TAMC delivers cutting edge cardiac treatment

| March 8, 2018 | 0 Comments

Spc. Noah D. Houston, cardiovascular specialist (68N) or “cath tech,” at Tripler Army Medical Center conducts a demonstration with new equipment used at the Tripler Cardiac Catheterization Lab on Dec. 12, 2017. (Photo by Leanne Thomas, Tripler Army Medical)

Leanne Thomas
Tripler Army Medical Center
Public Affairs Office

HONOLULU — Developments in medical technology and recent equipment advancements have changed the way health care is delivered to patients at Tripler Army Medical Center’s cardiac catheterization lab.

Known as one of the most specialized areas of the hospital, the Tripler Cath Lab offers a full spectrum of invasive cardiology procedures from diagnostic, interventions, to emergency cardiac care.

Recently relocating to a different area of the hospital, the new site at Tripler is optimal in design to address the needs of patients, as it is equipped with cardiovascular technology that leads the industry in image quality.

Imaging equipment is known to be the core of a cath lab and is essential to expanding the view of the heart and blood vessels of a patient in cardiac distress.

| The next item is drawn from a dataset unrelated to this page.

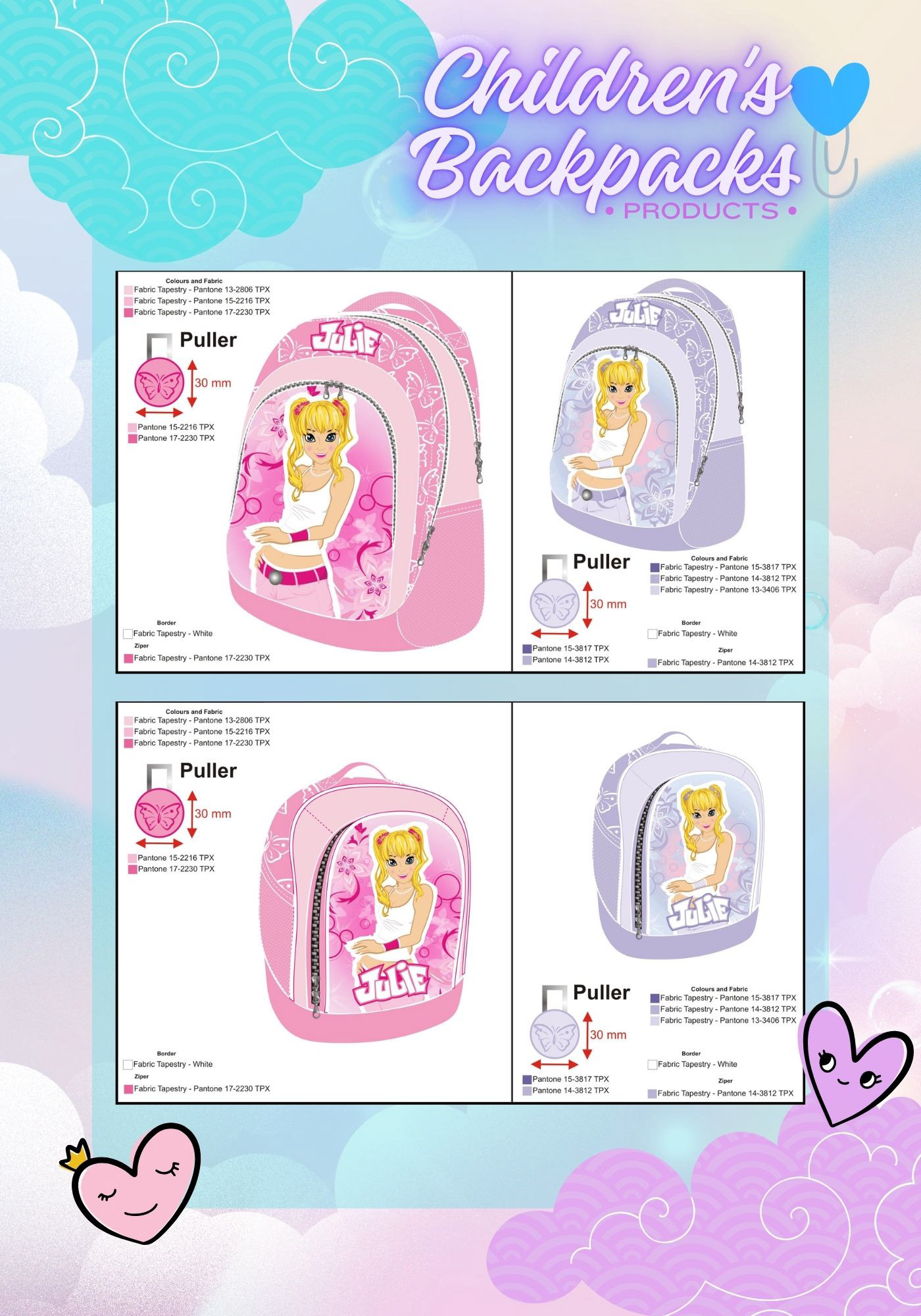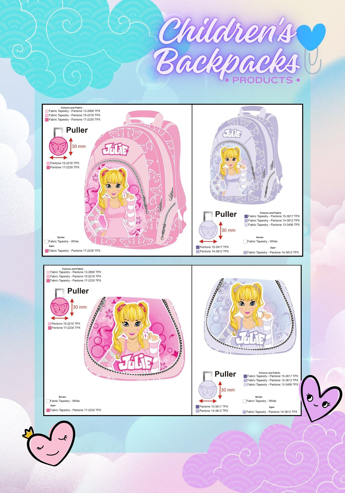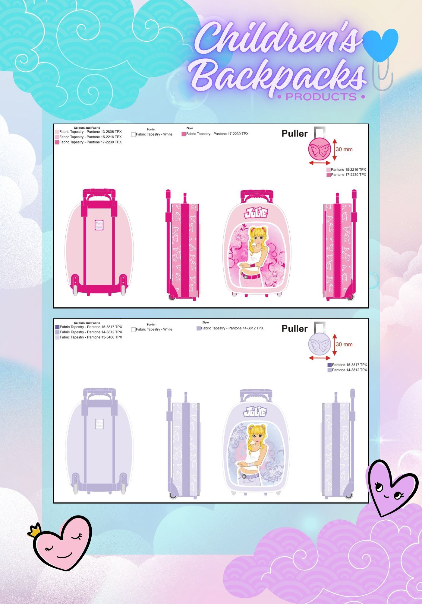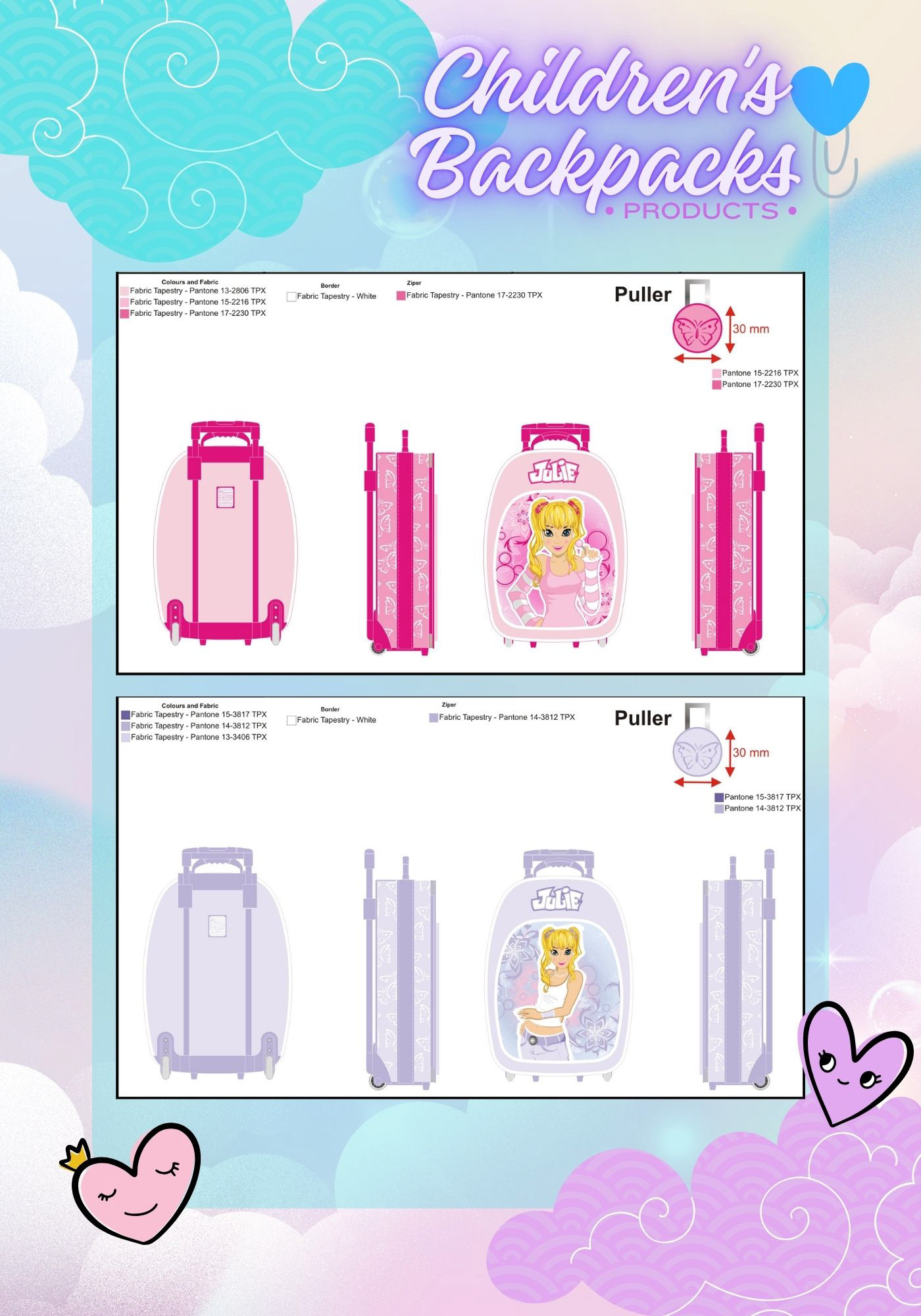 The collection was produced in two color variants — pink and lilac, maintaining full consistency with the established visual identity, including patterns, character illustration, Pantone color specifications, materials, zippers, and custom pullers.

“We treat what we see,” said Army Maj. Shaun Martinho, chief of TAMC Cardiology Service. “The better the resolution, the more accurate our judgment on severity and placement of a coronary stent.”

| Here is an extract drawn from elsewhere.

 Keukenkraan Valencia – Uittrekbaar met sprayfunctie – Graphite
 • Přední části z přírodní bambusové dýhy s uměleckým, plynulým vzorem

Using the most advanced cardiac imaging equipment, health care specialists at the Tripler cath lab perform the most complex interventional cardiology procedures with more precision and ease than ever before.

Within minutes, a cath lab team can respond to a cardiac emergency, perform a heart catheterization to locate a blocked artery, open it up and restore blood flow to improve a patient’s clinical symptoms significantly.

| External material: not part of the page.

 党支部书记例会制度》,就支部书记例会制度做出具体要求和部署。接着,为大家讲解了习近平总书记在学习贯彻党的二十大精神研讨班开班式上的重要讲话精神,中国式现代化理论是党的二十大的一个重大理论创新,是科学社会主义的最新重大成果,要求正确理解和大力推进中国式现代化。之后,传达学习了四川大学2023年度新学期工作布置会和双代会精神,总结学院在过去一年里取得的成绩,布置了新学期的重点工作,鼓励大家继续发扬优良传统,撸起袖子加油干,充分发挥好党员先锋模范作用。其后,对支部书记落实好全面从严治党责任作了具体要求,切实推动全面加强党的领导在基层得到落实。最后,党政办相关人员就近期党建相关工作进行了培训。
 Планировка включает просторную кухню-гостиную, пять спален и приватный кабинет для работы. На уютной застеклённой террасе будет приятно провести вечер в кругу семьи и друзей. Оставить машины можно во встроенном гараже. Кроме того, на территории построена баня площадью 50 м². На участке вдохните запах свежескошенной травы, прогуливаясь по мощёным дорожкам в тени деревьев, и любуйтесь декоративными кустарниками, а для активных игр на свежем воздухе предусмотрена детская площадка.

Until recently, higher X-ray dose settings were needed to obtain better image quality causing more radiation exposure to the patients and clinical staff. The new technology offers high-quality imaging with low X-ray dose settings to better manage radiation exposure.

“We would actually have to stop the procedure due to overexposure and wait and bring them back; we don’t have that issue anymore,” said Joseph Hill, a TAMC cardiovascular technician. “The less radiation exposure to patients and staff also allows us to do more complex procedures.”

A unique feature called SyncVision adds clinical value as well as it allows providers to perform complex procedures more efficiently. Martinho gave details describing SyncVision as “a live-action computer enhanced visualization that provides instantaneous feedback and additional tools to guide coronary diagnosis and treatment.”

While studying at the University of Minnesota, Martinho was first introduced to SyncVision and its capabilities experiencing first-hand a breakthrough in interventional cardiology practice.

With only approximately 20 medical centers in the country using the equipment at the time, Martinho said, “There are probably a lot more centers using this now, but we are the only one on the island currently with SyncVision.”

By leveraging technology and resources, TAMC provides state-of-the-art medicine through state-of-the-art technology and remains committed to being a leader among Army medical centers.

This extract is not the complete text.